Prompt: Transcribe each record word for word. Skip the images.
##### Material supplied
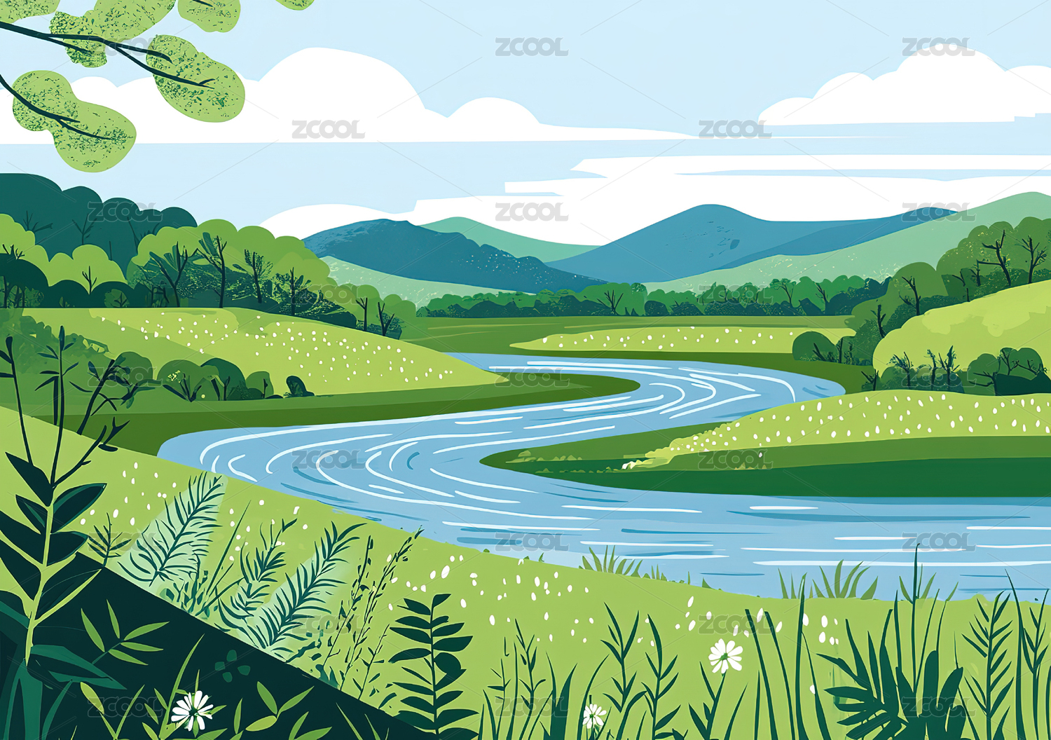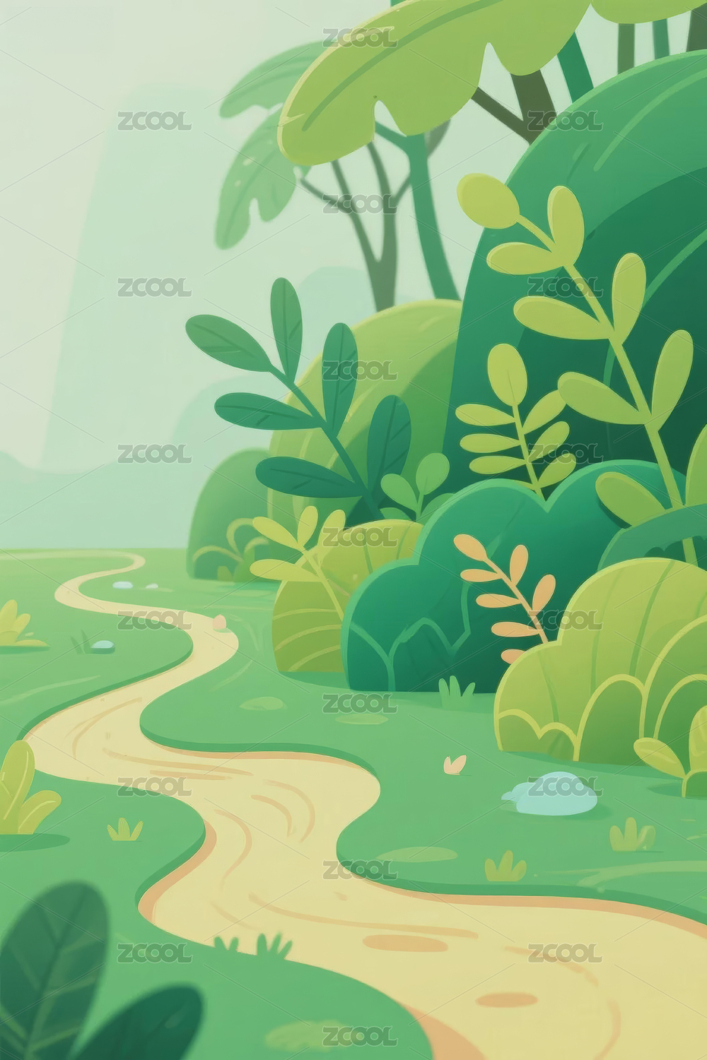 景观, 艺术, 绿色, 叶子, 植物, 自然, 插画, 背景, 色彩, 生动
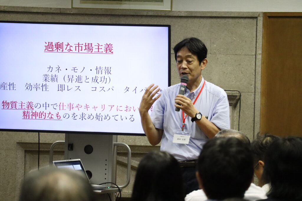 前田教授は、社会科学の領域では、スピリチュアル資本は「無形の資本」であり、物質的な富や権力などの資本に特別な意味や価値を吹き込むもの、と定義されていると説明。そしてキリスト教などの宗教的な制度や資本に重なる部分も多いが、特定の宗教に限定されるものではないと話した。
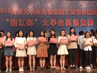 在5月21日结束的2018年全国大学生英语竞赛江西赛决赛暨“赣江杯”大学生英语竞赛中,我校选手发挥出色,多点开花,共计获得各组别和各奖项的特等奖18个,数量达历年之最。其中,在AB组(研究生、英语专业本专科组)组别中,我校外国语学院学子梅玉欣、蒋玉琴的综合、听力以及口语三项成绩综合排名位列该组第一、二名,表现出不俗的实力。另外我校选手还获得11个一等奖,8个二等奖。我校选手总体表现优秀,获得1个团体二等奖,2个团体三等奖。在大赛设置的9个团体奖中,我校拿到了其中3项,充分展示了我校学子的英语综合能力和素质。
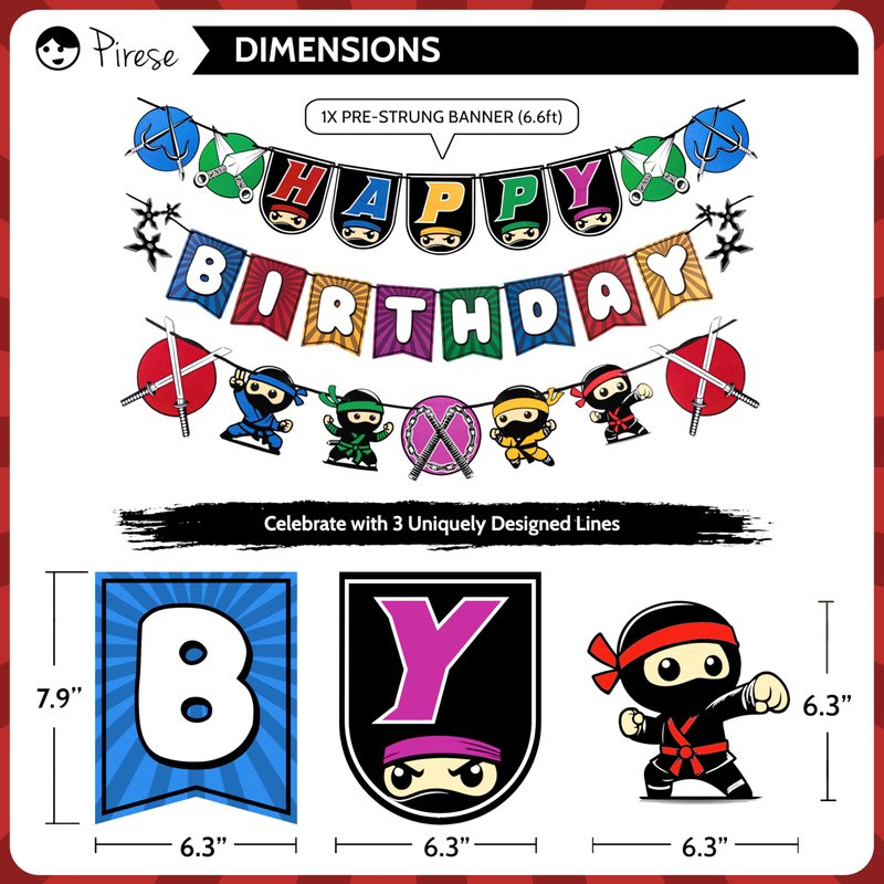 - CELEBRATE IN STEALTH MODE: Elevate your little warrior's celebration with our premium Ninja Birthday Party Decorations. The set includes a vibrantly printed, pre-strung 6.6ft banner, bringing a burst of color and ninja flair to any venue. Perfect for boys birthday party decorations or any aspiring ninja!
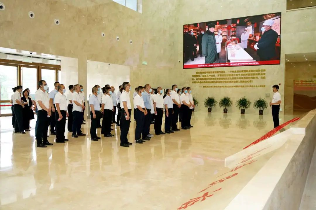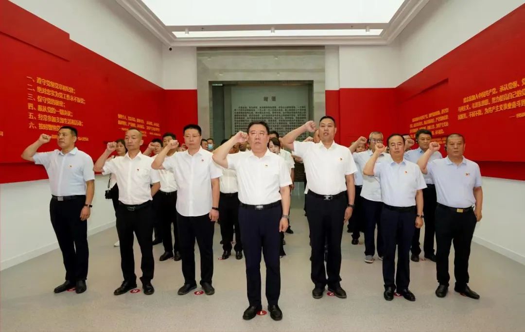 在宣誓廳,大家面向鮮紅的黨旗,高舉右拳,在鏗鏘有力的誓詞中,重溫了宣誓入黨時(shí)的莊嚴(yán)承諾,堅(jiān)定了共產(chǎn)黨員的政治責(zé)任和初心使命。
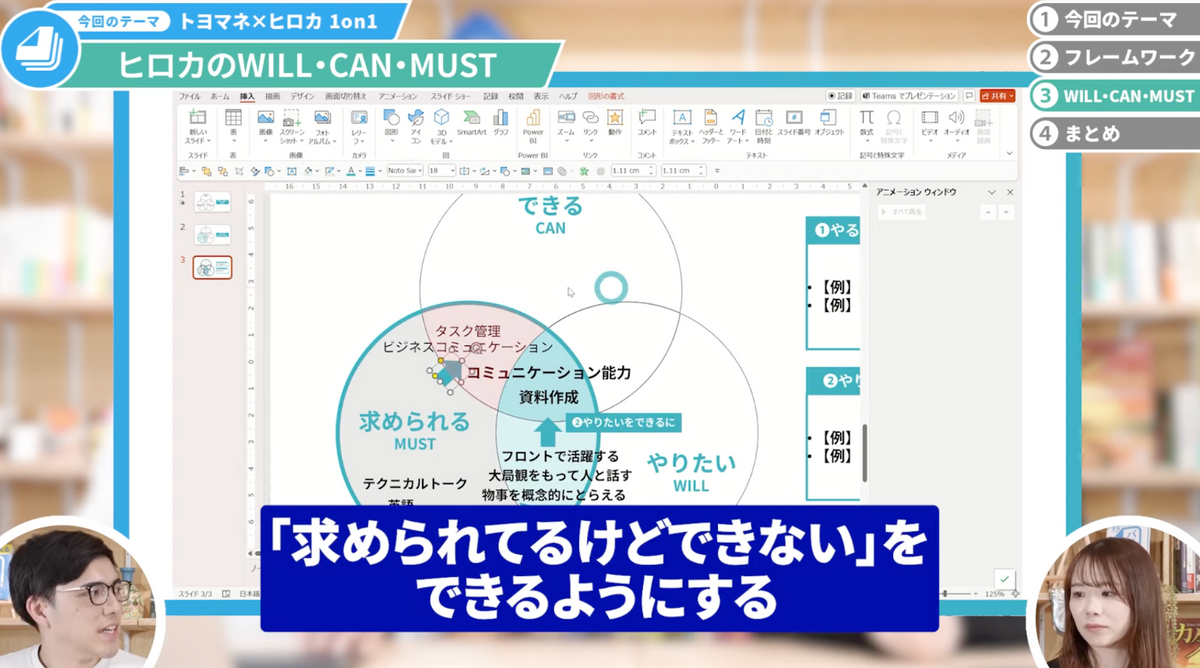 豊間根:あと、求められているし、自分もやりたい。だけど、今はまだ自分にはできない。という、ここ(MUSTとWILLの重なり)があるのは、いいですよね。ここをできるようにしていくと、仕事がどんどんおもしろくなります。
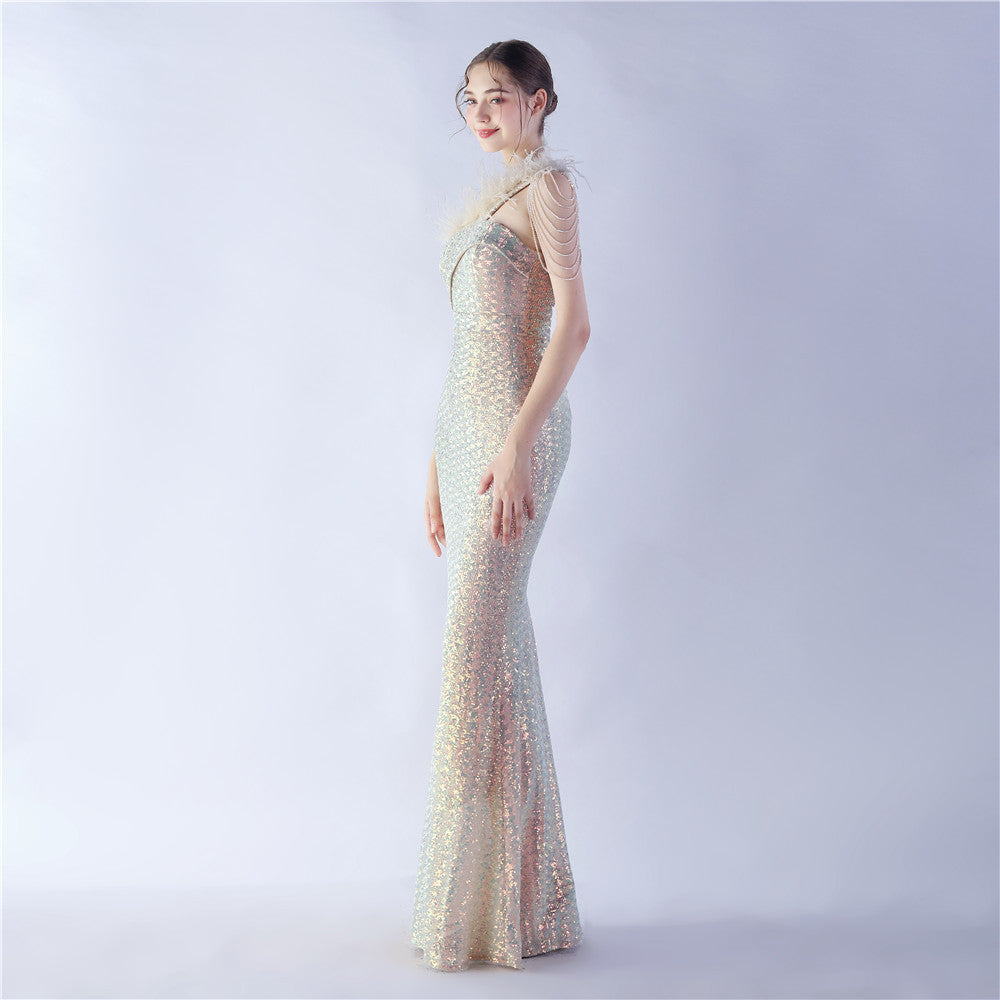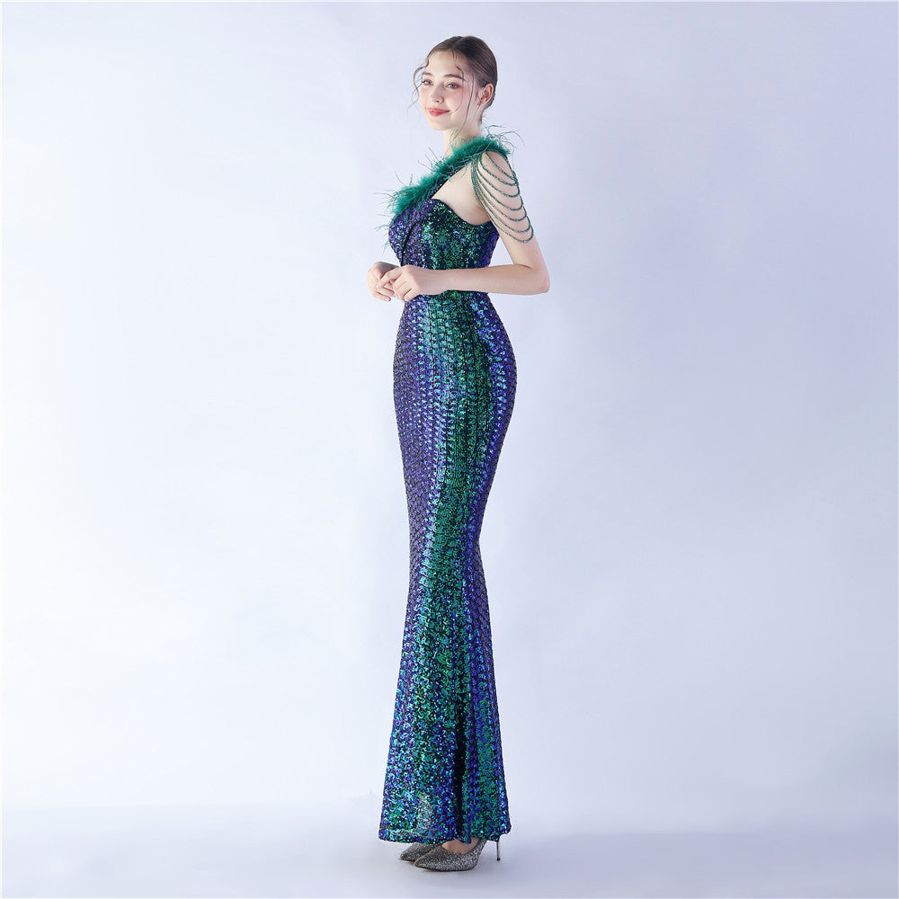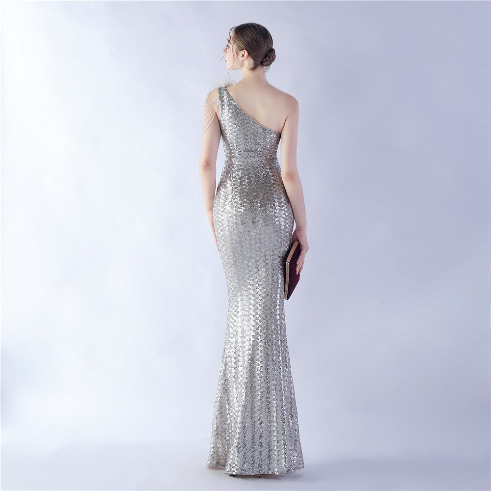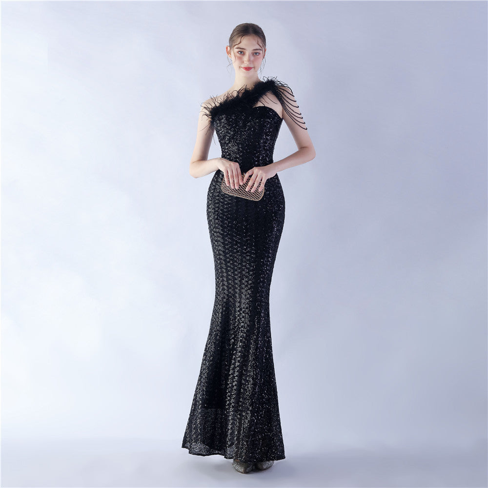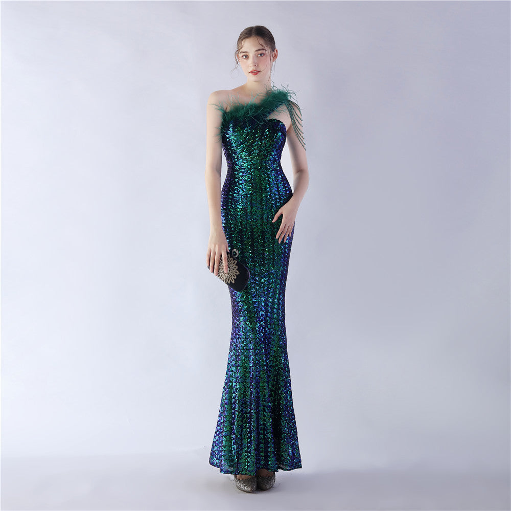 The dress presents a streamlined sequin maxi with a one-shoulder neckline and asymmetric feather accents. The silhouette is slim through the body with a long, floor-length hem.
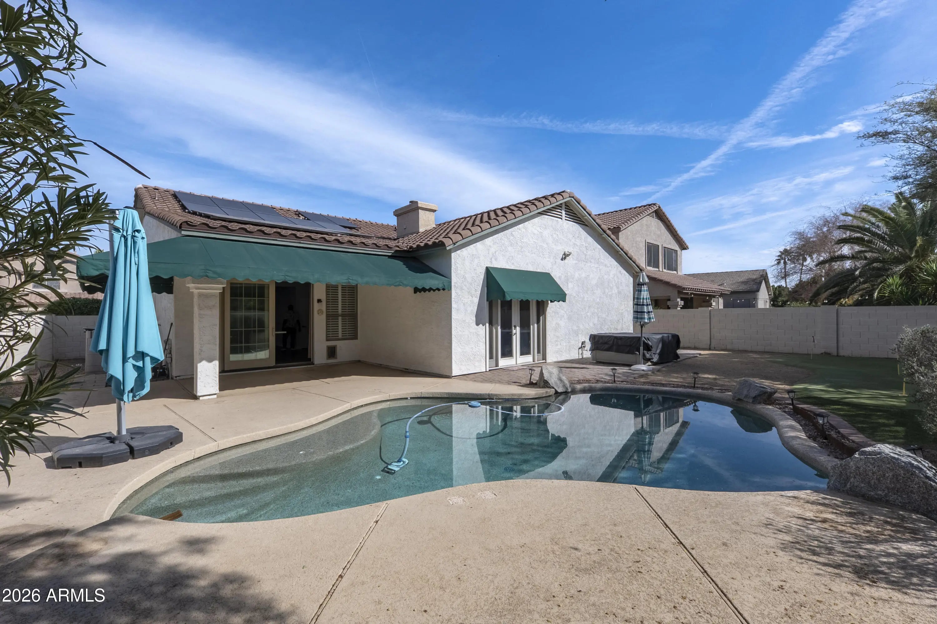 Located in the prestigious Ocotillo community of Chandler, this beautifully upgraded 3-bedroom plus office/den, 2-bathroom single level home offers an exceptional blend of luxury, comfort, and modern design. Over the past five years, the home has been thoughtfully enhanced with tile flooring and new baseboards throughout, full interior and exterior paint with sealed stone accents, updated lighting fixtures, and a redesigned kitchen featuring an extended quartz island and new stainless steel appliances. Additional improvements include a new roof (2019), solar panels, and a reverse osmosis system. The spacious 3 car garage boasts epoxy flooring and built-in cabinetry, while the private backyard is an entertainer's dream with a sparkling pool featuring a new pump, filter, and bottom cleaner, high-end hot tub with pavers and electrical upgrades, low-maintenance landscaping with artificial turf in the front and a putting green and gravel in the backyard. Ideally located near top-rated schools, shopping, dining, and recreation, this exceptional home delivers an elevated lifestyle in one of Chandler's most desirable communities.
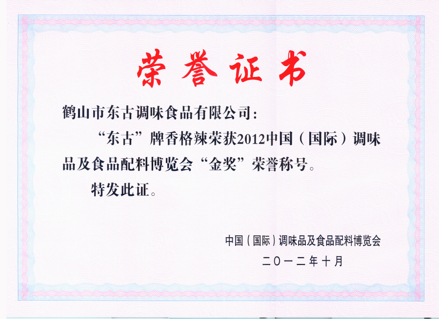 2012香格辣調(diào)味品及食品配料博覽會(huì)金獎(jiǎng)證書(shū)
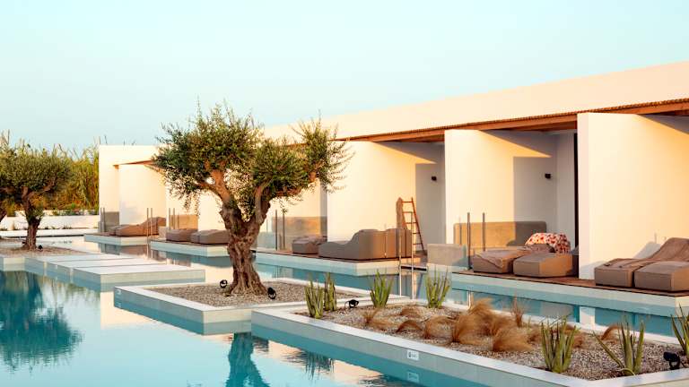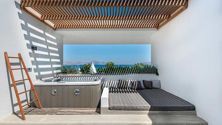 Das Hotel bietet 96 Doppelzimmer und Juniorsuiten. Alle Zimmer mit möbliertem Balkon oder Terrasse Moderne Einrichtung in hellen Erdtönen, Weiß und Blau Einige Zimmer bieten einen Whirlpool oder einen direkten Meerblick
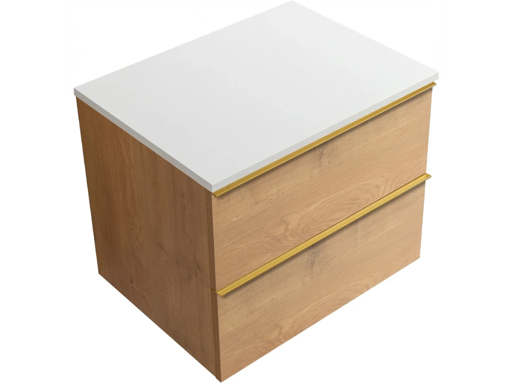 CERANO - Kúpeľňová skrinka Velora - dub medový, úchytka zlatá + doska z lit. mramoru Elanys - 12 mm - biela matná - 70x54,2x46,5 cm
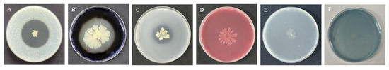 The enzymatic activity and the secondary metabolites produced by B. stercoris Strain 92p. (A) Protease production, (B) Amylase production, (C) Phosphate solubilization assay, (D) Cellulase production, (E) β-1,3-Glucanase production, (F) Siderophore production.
##########
Solution below:
 景观, 艺术, 绿色, 叶子, 植物, 自然, 插画, 背景, 色彩, 生动
 前田教授は、社会科学の領域では、スピリチュアル資本は「無形の資本」であり、物質的な富や権力などの資本に特別な意味や価値を吹き込むもの、と定義されていると説明。そしてキリスト教などの宗教的な制度や資本に重なる部分も多いが、特定の宗教に限定されるものではないと話した。
 在5月21日结束的2018年全国大学生英语竞赛江西赛决赛暨“赣江杯”大学生英语竞赛中,我校选手发挥出色,多点开花,共计获得各组别和各奖项的特等奖18个,数量达历年之最。其中,在AB组(研究生、英语专业本专科组)组别中,我校外国语学院学子梅玉欣、蒋玉琴的综合、听力以及口语三项成绩综合排名位列该组第一、二名,表现出不俗的实力。另外我校选手还获得11个一等奖,8个二等奖。我校选手总体表现优秀,获得1个团体二等奖,2个团体三等奖。在大赛设置的9个团体奖中,我校拿到了其中3项,充分展示了我校学子的英语综合能力和素质。
 - CELEBRATE IN STEALTH MODE: Elevate your little warrior's celebration with our premium Ninja Birthday Party Decorations. The set includes a vibrantly printed, pre-strung 6.6ft banner, bringing a burst of color and ninja flair to any venue. Perfect for boys birthday party decorations or any aspiring ninja!
 在宣誓廳,大家面向鮮紅的黨旗,高舉右拳,在鏗鏘有力的誓詞中,重溫了宣誓入黨時(shí)的莊嚴(yán)承諾,堅(jiān)定了共產(chǎn)黨員的政治責(zé)任和初心使命。
 豊間根:あと、求められているし、自分もやりたい。だけど、今はまだ自分にはできない。という、ここ(MUSTとWILLの重なり)があるのは、いいですよね。ここをできるようにしていくと、仕事がどんどんおもしろくなります。
 The dress presents a streamlined sequin maxi with a one-shoulder neckline and asymmetric feather accents. The silhouette is slim through the body with a long, floor-length hem.
 Located in the prestigious Ocotillo community of Chandler, this beautifully upgraded 3-bedroom plus office/den, 2-bathroom single level home offers an exceptional blend of luxury, comfort, and modern design. Over the past five years, the home has been thoughtfully enhanced with tile flooring and new baseboards throughout, full interior and exterior paint with sealed stone accents, updated lighting fixtures, and a redesigned kitchen featuring an extended quartz island and new stainless steel appliances. Additional improvements include a new roof (2019), solar panels, and a reverse osmosis system. The spacious 3 car garage boasts epoxy flooring and built-in cabinetry, while the private backyard is an entertainer's dream with a sparkling pool featuring a new pump, filter, and bottom cleaner, high-end hot tub with pavers and electrical upgrades, low-maintenance landscaping with artificial turf in the front and a putting green and gravel in the backyard. Ideally located near top-rated schools, shopping, dining, and recreation, this exceptional home delivers an elevated lifestyle in one of Chandler's most desirable communities.
 2012香格辣調(diào)味品及食品配料博覽會(huì)金獎(jiǎng)證書(shū)
 Das Hotel bietet 96 Doppelzimmer und Juniorsuiten. Alle Zimmer mit möbliertem Balkon oder Terrasse Moderne Einrichtung in hellen Erdtönen, Weiß und Blau Einige Zimmer bieten einen Whirlpool oder einen direkten Meerblick
 CERANO - Kúpeľňová skrinka Velora - dub medový, úchytka zlatá + doska z lit. mramoru Elanys - 12 mm - biela matná - 70x54,2x46,5 cm
 The enzymatic activity and the secondary metabolites produced by B. stercoris Strain 92p. (A) Protease production, (B) Amylase production, (C) Phosphate solubilization assay, (D) Cellulase production, (E) β-1,3-Glucanase production, (F) Siderophore production.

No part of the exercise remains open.